A Webreview For My Week with Marilyn

Twitter generation beware: Don’t expect too much gossip from My Week With Marilyn. Marilyn, of course, is Monroe, and the week is the one spent with her by a then-callow Brit named Colin Clark, whose memoirs of the experience give the script its well-crafted substance plus its respectful tone.

The result plays like a BBC period piece with all the attendant strengths and the usual glaring weakness. The acting is superb, the settings are beautifully recreated, the dialogue crackles with occasional wit, but where’s the juice? Although lovely to gaze upon, the whole thing feels a bit precious and porcelain, more teapot than sexpot.

The year is 1956, when Colin (Eddie Redmayne) runs off to London to “join the circus” – more precisely, to work as a go-fer on the upcoming production of The Prince and the Showgirl, a piece of comedic fluff starring Laurence Olivier and the already-famous Marilyn.

With the new kitchen-sink realism dominating the British stage, poor Larry (Kenneth Branagh) senses that things are passing him by and hopes that his hot co-star will melt the tarnish off his image. Recently married to playwright Arthur Miller, and pair-bonded with acting coach Paula Strasberg, Marilyn is also in the image-changing biz – she wants the artsy respect that comes from hobnobbing with the English theatah types.

That’s all familiar lore but, to his credit, director Simon Curtis (yes, a BBC veteran) lays out these separate ambitions and conflicting tensions with breezy dispatch in the early frames. For our part, we’re busy measuring the distance between the big names and their impersonators. Not surprisingly, a typecast Branagh makes for a very credible Olivier, capturing the florid self-importance no less than the festering insecurities. And Julia Ormond turns in a wonderfully grounded cameo as Olivier’s then-wife Vivien Leigh, who sees her husband far more clearly than he sees himself.

Superb too is Judi Dench’s take on Dame Sybil Thorndike, an oasis of kindness on the stormy set, and honest enough to admit to the nervous American: “None of the rest of us knows how to act for the camera – but you do.”

Which bring us to Michelle Williams in the pivotal role. Although not as top-heavy as the actual bombshell, she definitely fills out the rest of those iconic gowns, takes care not to overdo the breathy voice, hints delightfully at a quicker-than-expected mind, and fully embraces the little-girl-lost vulnerability.

Unfortunately, the screenplay gives her no chance to explore the aspect of Monroe that tends to get forgotten: her street-smart, up-from-the-gutter toughness. Too bad because, with her talent, Williams could have done something special with that added dimension – a great actor navigating a great star.

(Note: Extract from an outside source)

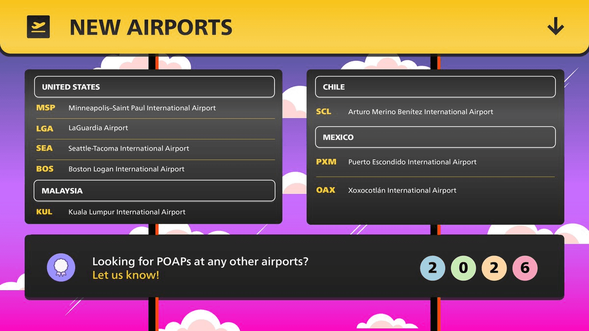 The POAP Airport Rally has launched at **8 new airports** across the globe, allowing travelers to collect digital mementos of their journeys. **Now live at:** - MSP (Minneapolis) - LGA (New York) - SEA (Seattle) - BOS (Boston) - KUL (Kuala Lumpur) - PXM (Puerto Escondido) - OAX (Oaxaca) - SCL (Santiago) Travelers can **check in and collect POAPs** using the POAP Home app's location scanning feature. Additional airports will be added throughout 2026, expanding the rally's global reach.

Instead, the movie-within-a-movie sequences unfold as expected. The prickliness is predictable: Marilyn is consistently late and soul-searching (“Acting is the truth”); Olivier is perpetually irked and dismissive (“Acting is faking the truth”). Coddled by her entourage and leaden from drugs, she flubs lines, fights fatigue, wanders off.

Yet, every once in a while, she also flashes the white-heat magic that the camera, and even Olivier, positively adore (“She’s pure instinct. She’s astonishing”). Okay, but the legend-makers have been beating that drum for decades now – it’s common knowledge. What’s not is the “week” so provocatively embedded in the title. What about that?

Well, I’m afraid the week is rather weak. Only 30 herself, Marilyn takes a shine to the 23-year old Colin who, as the son of art historian Kenneth Clark, has his own high-placed connections. She invites him to her rented house, shares a few confessions, shows off her sensitive Norma Jean side, and watches his freckled face get completely smitten. To ward off her anxieties, he suggests, “You should see the sights.” Deliciously, she snaps back, “I am the sights.”

Turns out they’re both right. On their subsequent getaway, he shows her Eton College and Windsor Castle. Then, while skinny-dipping in a local stream, she shows him architecture just as impressive. Later, when Miller has flown the coop (“Why do people I love always leave me?”) and her night-demons are on the prowl, the star invites the kid into her bed, where they cuddle, maybe platonically.

Obviously, young Colin is unable to appreciate the lesson that Olivier had learned: “When it comes to women, you’re never too old for humiliation.” No doubt. But that lesson has a pop-culture variation: When it comes to a woman named Marilyn, it’s never too late for veneration. The legend lives on; this pretty film is its amber.